İktidar, gerçek ölüm verilerinin kuşkusuz çok ağır olabilecek siyasal faturası ile yüzleşememekte. Fiyaskolara ve skandallara rağmen yapay bir başarı algısı yaratmak amaçlandı. Bu tempoyla gidilirse, 70 milyon nüfusun iki doz aşılaması tam 980 gün sürecek. Bu durumun kabul edilmesi mümkün değildir. İktidar halka güven vermemektedir. Önümüzdeki bir ay içerisinde günlük koronavirüs ölümleri 60’ın altına düşmeyecektir. Bu nasıl bir denetimli normalleşmedir? Bu vaziyet, gerçekte açılım-saçılım histerisidir.

Sayılar bize ne söylüyor?

Ahmet SALTIK - Prof. Dr., Ankara Üniversitesi Tıp Fakültesi Halk Sağlığı Anabilim Dalı (Em.)

TÜRKİYE’de ilk Covid-19 olgusu, Dünya Sağlık Örgütü’nün (DSÖ) “Bu bir küresel pandemidir” duyurusunu yaptığı gün, bir yıl önce 11 Mart 2020 günü Sağlık Bakanı Koca tarafından kamuoyuna duyurulmuştu. Bir koca yıl geride kaldı ve “yeni koronavirüs”ün neden olduğu pandemi tüm dünyada sönümlendirilemedi. Türkiye’nin de başı fena biçimde ağrımakta. 13 Mart 2021’deki “resmi” verilerinden ilerleyerek, sorunu irdeleyelim.


TEST POLİTİKASI

150 bin 98 PCR testi yapılmış ve 15 bin 82 yeni olgu/vaka yakalanmış. Test pozitiflik oranı yüzde 10. Oldukça yüksek bir oran, zaman zaman yüzde 1-2’lere düştüğü oldu. 150 bin değil de 300 bin test yapılsa idi acaba yakalanan olgu sayısı da 2’ye katlanacak ve 30 bini aşacak mıydı? Günlük test sayısı ülkemizde en çok 200 bini buldu. Oysa DSÖ, Türkiye için 400 bin/gün test yapılması gerekli düşüncesinde. Dolayısıyla 400 bin/150 bin 98 = 2,67 ile 15 bin 82 çarpılırsa, 40 bin 219 bulunur. Yaklaşık 2,7 katı PCR (+) olgu yakalanmış olacak ve uygun önlemlerle toplumdan ayrılmaları gerekecekti. Hastaneye yatırılması gerekmeyenler karantinaya, gerekenler izolasyona. Böylelikle bu kişilerde hem erken tanı konarak, daha etkin tedavi sunulacak ve ölümler azaltılabilecekti hem de başkalarına bulaştırmaları engellenerek, bulaş zinciri kırılabilecekti. Her 2 olanaktan da ancak yakalayabildiğimiz olgu oranında yararlanabiliyoruz.

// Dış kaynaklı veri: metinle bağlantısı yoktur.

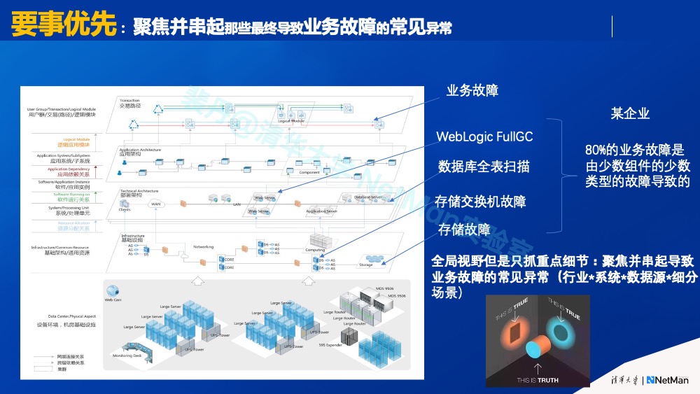 在上述体系中,决定先做的原则是要事优先,即聚焦并串连最终导致业务故障的常见异常。这里引用一个数字,某企业80%的业务故障是由少数组件的少数类型的故障导致的。这其实遵循了“二八定律“,20%的组件故障类型导致了80%的业务故障。因此,我们应首先聚焦解决这些常见故障,要有全局视野,先抓重点细节,聚焦并串起导致那些业务故障的常见组件故障,这就是规划AIOps时从价值角度出发的“要事优先”原则。
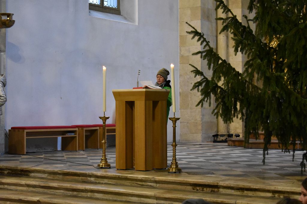 Euch, liebe Schülerinnen und Schüler, liebe Kolleginnen und Kollegen, die ihr die Fürbitten verfasst, das Wort Gottes verkündet, die Frohbotschaft der Geburt unseres Herren lebendig gemacht und die Feier mit Lied und Spiel so festlich gestaltet habt – euch sei hier gedankt – denn Feier heißt Gemeinschaft – und Euer Werk hat diese Feier erst in dieser Form ermöglicht.
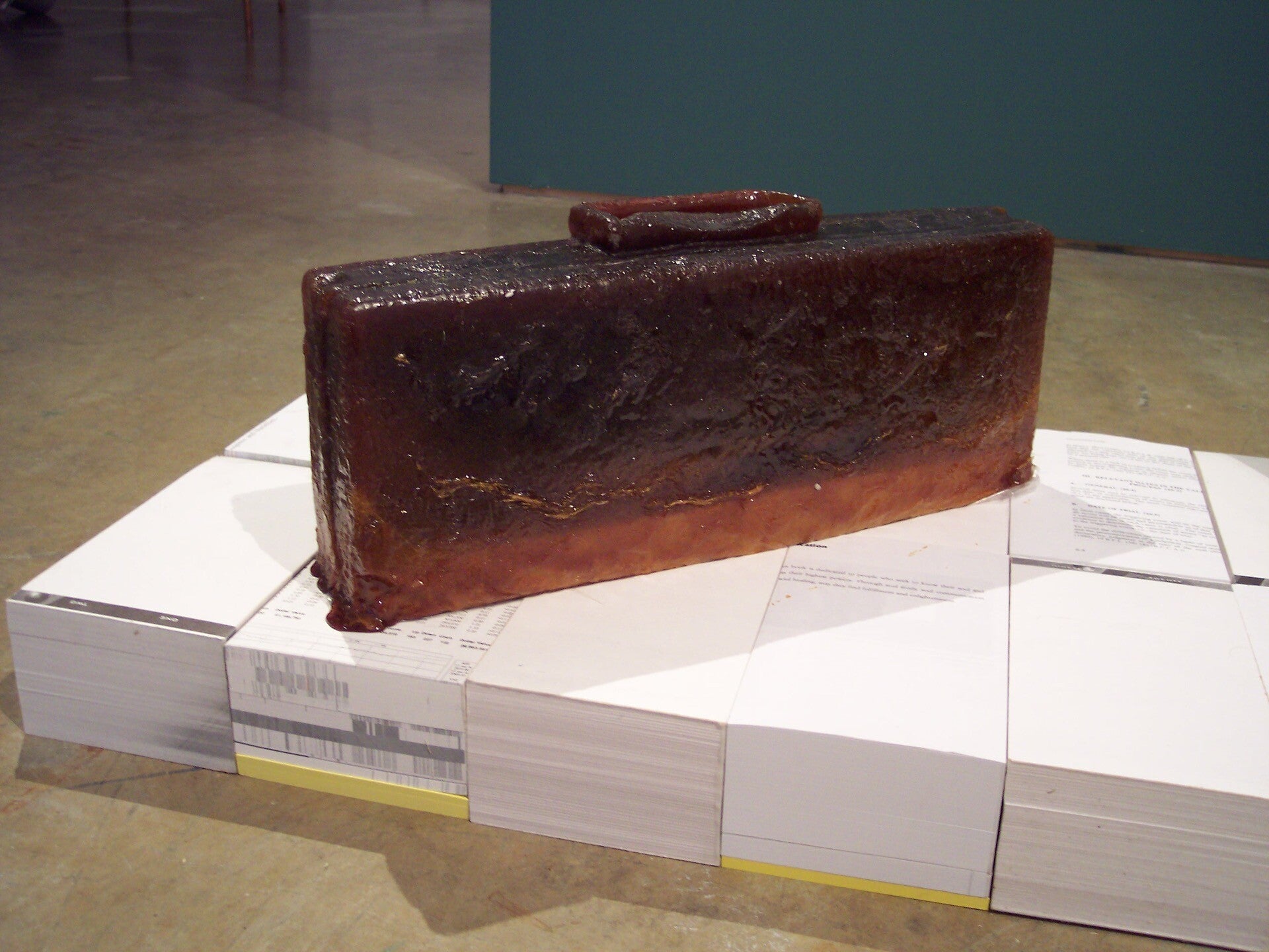 This mixed-media installation occupies 500 square feet and explores the intricate dynamics between corporations, production, and consumers across first and third world countries. Utilizing diverse elements such as text, sugar, briefcase, top hat, soldier camouflage, and saddle, it invites reflection on global interconnections.

Ayrıca kullanılan PCR testlerinin duyarlıkları hiçbir zaman yüzde 100 değil. Başlangıçta yüzde 40’lara dek düşmüştü, çok az gerçek olgu yakalayabildik ve salgın yayıldı. Giderek yüzde 70’lere erişen duyarlıklı PCR testleri geliştirildi ancak bu kez de Eylül 2020’de İngiltere varyantı mutant virüs ve ardılları Brezilya, G. Afrika vd. nedeniyle test duyarlığı gene düştü. PCR testlerinin, mutant tiplerin RNA dizilimlerine göre primerlerinin güncellenmesi gerekti. Bu teknik güncelleme ülkemizde hem gecikti hem de yeterli olmadı. Ayrıca bölgesel farklılıklar da oluştu. Örneğin son haftalarda yayınlanan illere göre, yüz bin nüfusta haftalık yeni olgu sayılarına göre maviye boyanan düşük riskli Güneydoğu Anadolu illerinde, sağlıkçılarla konuştuğumuzda, ciddi düzeyde test kıtlığı yaşandığı bize aktarıldı. Sağlık çalışanlarına bile yeterince test yapılamadığı bildirildi.

PCR testleri Sağlık Bakanlığı politikası uyarınca genel olarak başvuran ve belirtisi olanlarla epey sınırlandığı için, toplumdaki riskli kümelerde aktif sürveyans bağlamında yaygın kullanılmadıkları için, örnek alma tekniği, laboratuvara ulaştırmada soğuk zincir ve olası laboratuvar hataları da katıldığında, buzdağının altında kalan gerçek (+) olgu sayıları/oranları yüksek oldu. Bu sorun da bulaş zincirini kırmada başlıca engellerden olarak ortaya çıktı. Salgın eğrisi hızla tırmandı ve bastırılamadı, uzadı, uzadı. R0 değeri genellikle 1’in üstünde kaldı, sınırlı zamanlar dışında. Yani bulaşı alan 1 kişi, bulaştırıcı olduğu 14 gün içinde 1’den çok insana bulaştırdı. Oysa salgını sönümlendirebilmek için bu katsayıyı 1’in altına çekmek ve en az 4 hafta baskılamak gerekiyor. Günlük test sayısının kişi ya da test sayısı mı olduğu da genellikle netleşmedi. Toplam test sayısı 35 milyona ulaştı, 90 milyona varan ülke nüfusunun yüzde 40’ını bulmadı, 1’inci yıl sonunda.

HASTA SAYISI BAKIMINDAN

Salgının ilk yılı bitiminde, resmi rakamla toplam 2 milyon 866 bin 12 olguya erişildi. Kabaca, 90 milyon eylemli nüfusun yüzde 3,2’si bulaşı almış oldu. Yine pratik yaklaşımla buzdağı modeli gereği toplam gerçek olgunun 1/10’u yakalanmış /tanı konmuş olsa, 28,66 milyon nüfus ya da yüzde 31,8’lik nüfus kesiminin bulaşı aldığı çıkarımı yapılabilir. Covid-19’un özellikle 12 yaş altı çocuklarda, azalan oranlarda 18 yaş altında ve giderek tüm yaşlarda yüzde 85’lere varan ölçüde belirtisiz gittiği bilgisi de 1/10 buzdağı ampirik yaklaşımı ile örtüşmekte.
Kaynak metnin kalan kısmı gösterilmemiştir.